### Use `original` BERT to take `fill mask` test without fine-tuning it on our COVID articles

#### Prerequisites

In [2]:
%%capture 

!pip install transformers==4.17.0
!pip install pandas==1.1.5

#### Imports 

In [3]:
from transformers import BertTokenizerFast
from transformers import BertForMaskedLM
from transformers import BertConfig
from transformers import pipeline
import transformers 
import pandas as pd
import pandas
import logging

##### Setup logging

In [4]:
logger = logging.getLogger('sagemaker')
logger.setLevel(logging.DEBUG)
logger.addHandler(logging.StreamHandler())

##### Log versions of dependencies

In [5]:
logger.info(f'[Using transformers: {transformers.__version__}]')
logger.info(f'[Using pandas: {pd.__version__}]')

[Using transformers: 4.17.0]
[Using pandas: 1.1.5]


#### Essentials

In [6]:
config = BertConfig()

#### Re-create BERT MLM 

In [8]:
default_model = BertForMaskedLM(config=config)
logger.info(f'Total number of parameters = {default_model.num_parameters()}')

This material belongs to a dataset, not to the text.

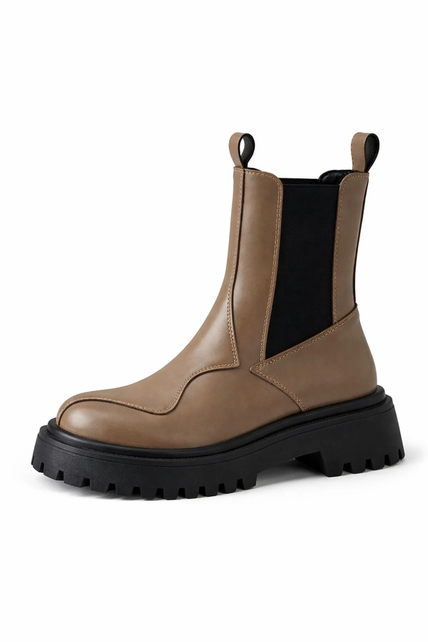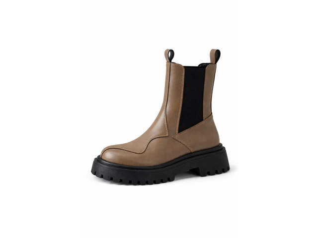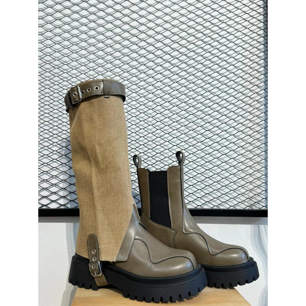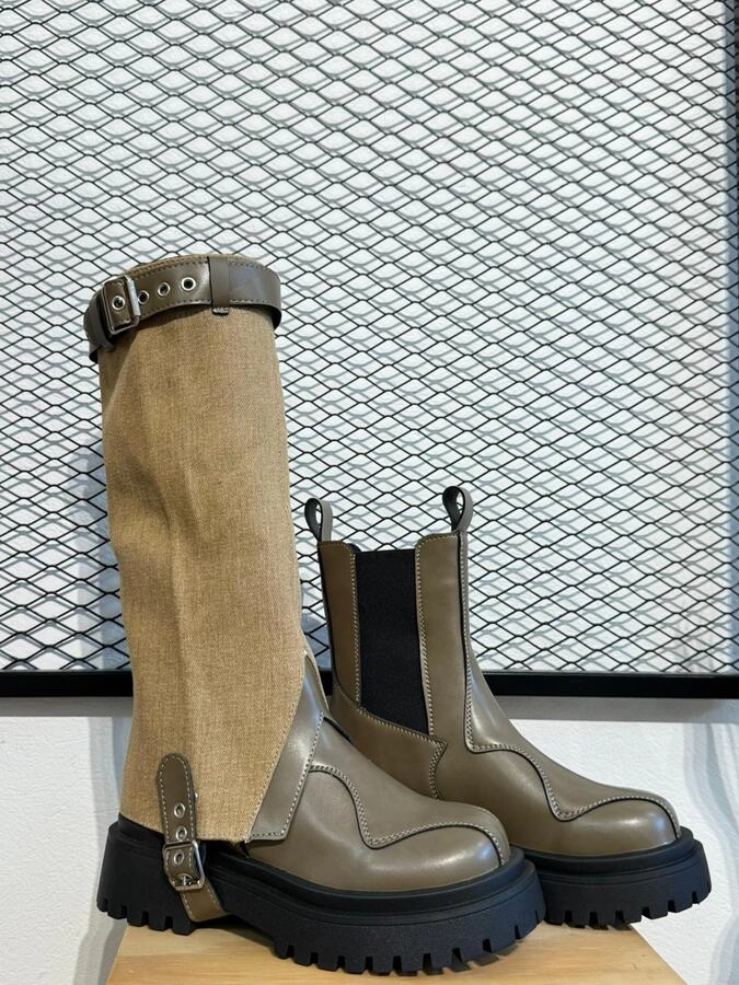 Botas con caña removible tipo polaina, color verde oliva con detalle camel. Suela chunky antideslizante y cierre elástico lateral. Talles 36 al 40.

Total number of parameters = 109514298


#### Re-create default BERT tokenizer 

In [9]:
default_tokenizer = BertTokenizerFast.from_pretrained('./vocab', config=config)
default_tokenizer.model_max_length = 512
default_tokenizer.init_kwargs['model_max_length'] = 512
default_tokenizer

PreTrainedTokenizerFast(name_or_path='./vocab', vocab_size=30522, model_max_len=512, is_fast=True, padding_side='right', truncation_side='right', special_tokens={'unk_token': '[UNK]', 'sep_token': '[SEP]', 'pad_token': '[PAD]', 'cls_token': '[CLS]', 'mask_token': '[MASK]'})

##### Verify tokenizer

In [10]:
MASK_TOKEN = default_tokenizer.mask_token
MASK_TOKEN

'[MASK]'

In [11]:
default_tokenizer.special_tokens_map

{'unk_token': '[UNK]',
 'sep_token': '[SEP]',
 'pad_token': '[PAD]',
 'cls_token': '[CLS]',
 'mask_token': '[MASK]'}

#### Create HuggingFace Pipeline for `fill mask` task

In [12]:
fill_mask = pipeline('fill-mask', model=default_model, tokenizer=default_tokenizer)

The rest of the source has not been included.